Write out exactly the lines running from the one with "This leather mini" to the end of the data, including both of those lines and excluding pictures.

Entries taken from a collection
_ _ _ _

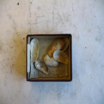 En una cajita, con una etiqueta dentro con inscripción a bolígrafo: "PANDORA" y otra "Pandora inaequivalvis. S. Sebastian".
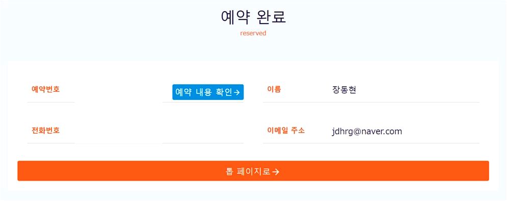 14. 예약이 완료되었어요. 이제 입력했던 이메일로 이동해서 예약메일을 확인해주세요.
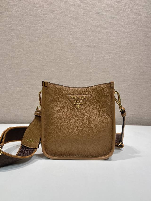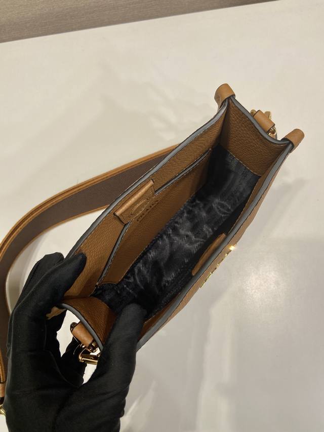 This leather mini shoulder bag features a minimalist design. The metal triangle logo on the front adds a signature touch. It comes with a detachable logo-printed webbing and leather shoulder strap, allowing you to easily switch between outfits and occasions for a modern look. This high-fashion design is a must-have for everyday wear. Hurry, it's stunning!
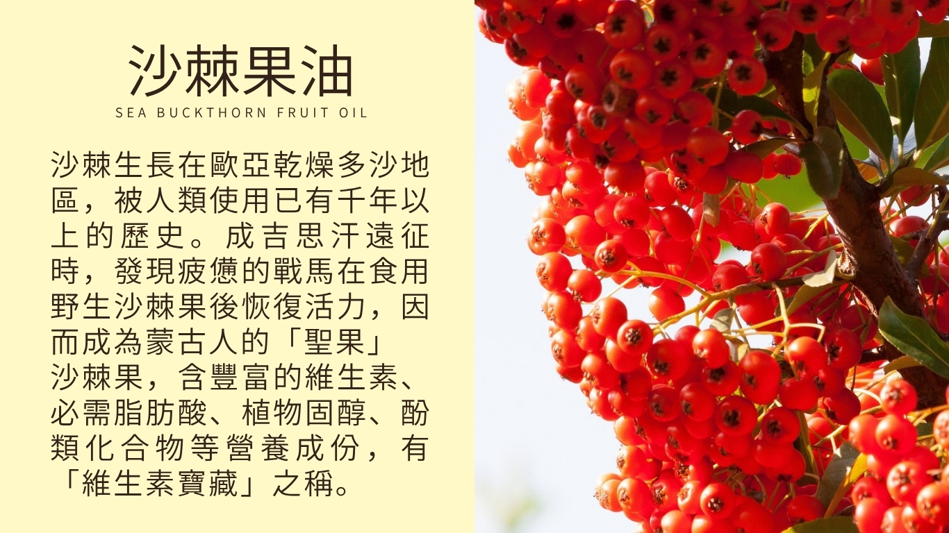 ➤ 沙棘果油:高修護的沙棘果油,調理肌膚、舒緩不適感
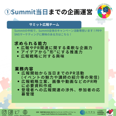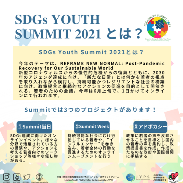 JYPS主催で2021年6月上旬に若者による若者のためのイベントである「SDGs ユースサミット2021 ~ REFRAME NEW NORMAL; post pandemic recovery for our sustainable world ~ 」を開催にさいし、共にユースサミットを企画・運営し盛り上げてくださる日本の若者の皆様を募集します!!!😃⭐️

_ _ _ _

Task solution ->
 This leather mini shoulder bag features a minimalist design. The metal triangle logo on the front adds a signature touch. It comes with a detachable logo-printed webbing and leather shoulder strap, allowing you to easily switch between outfits and occasions for a modern look. This high-fashion design is a must-have for everyday wear. Hurry, it's stunning!
 ➤ 沙棘果油:高修護的沙棘果油,調理肌膚、舒緩不適感
 JYPS主催で2021年6月上旬に若者による若者のためのイベントである「SDGs ユースサミット2021 ~ REFRAME NEW NORMAL; post pandemic recovery for our sustainable world ~ 」を開催にさいし、共にユースサミットを企画・運営し盛り上げてくださる日本の若者の皆様を募集します!!!😃⭐️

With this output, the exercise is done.